The service advisor at my car dealer razor cuts his hair to show support for his wife. I’ve known him for years and he’s always clean-shaven on top. The love of his life is in a long battle with cancer. Very long.

In October 2014, my wife, Ellen, had a mammogram on our anniversary. Five months later, after her mastectomy, I was shaving her head in our laundry room. She’d started chemo and her hair was likely to fall out any day. We’d gone wig shopping and the stylist had chopped off Ellen’s pretty blonde locks as part of the package deal.
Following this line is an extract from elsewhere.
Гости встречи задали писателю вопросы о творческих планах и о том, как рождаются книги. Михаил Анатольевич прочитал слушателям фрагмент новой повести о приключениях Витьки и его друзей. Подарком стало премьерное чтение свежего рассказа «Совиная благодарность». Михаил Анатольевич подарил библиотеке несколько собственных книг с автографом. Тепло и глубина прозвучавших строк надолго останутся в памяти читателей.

But feathery wisps started growing back, despite the first two rounds of chemo. We didn’t want the fuzz falling off in her cereal, so I broke out my electric razor. She was a good sport and we laughed about the shaving.
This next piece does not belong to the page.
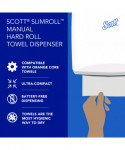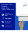 Scott provides enhanced hygiene solutions for critical environments. With the Scott Slimroll Towel Dispensing System you have the benefit of a compact dispenser designed to fit in tight spaces with a slim profile. Available in various colors, Scott Slimroll Towel Dispensers come in automatic and manual configurations. With the Slimroll Paper Towel Dispenser, the ultra-compact size lets you wall mount it close to sinks in tight places such as a nurses' station or tiny classroom sink and keeping it close to the water helps reduce drips and slips. The sleek design and touchless dispensing system helps to minimize the spread of dirt and germs all while providing 25% more hand dries over folded towels. The most efficient system on the market, the ultra-compact Scott Slimroll Dispenser Towel is compatible with Scott Orange Core Slimroll towels. The dispenser is made of high-impact plastic, with translucent sides and opaque cover. The Slimroll Dispensing System is part of the Scott* Solutions from one of the world's most trusted brands. This dispenser is backed by a lifetime warranty and is designed to save you time and money while reducing service disruptions and user complaints.

Early on, we decided to face breast cancer honestly. It was liberating. No pretending it couldn’t kill her or that she would live forever. We’d fight hard, but with the ever-present knowledge that we were both going to die. It was only a matter of when, where and how.

There were a few tears at the diagnosis but minimal drama. Maybe it had something to do with my own whiff of death. In 2004, emergency surgery for a spontaneous bowel perforation slapped us with a dose of mortality. My chronic Crohn’s disease reminds us to be grateful for our blessings. One doctor recently said, “You almost died back then.”

But it was Ellen’s oncologist who moved me to write a book about dying, dedicated to my lovely wife. This man, who deals with grim diagnoses every day, was offering Ellen a guarantee. Not a cure, but a promise that the poison he would use to attack her cancer would definitely make her hair fall out.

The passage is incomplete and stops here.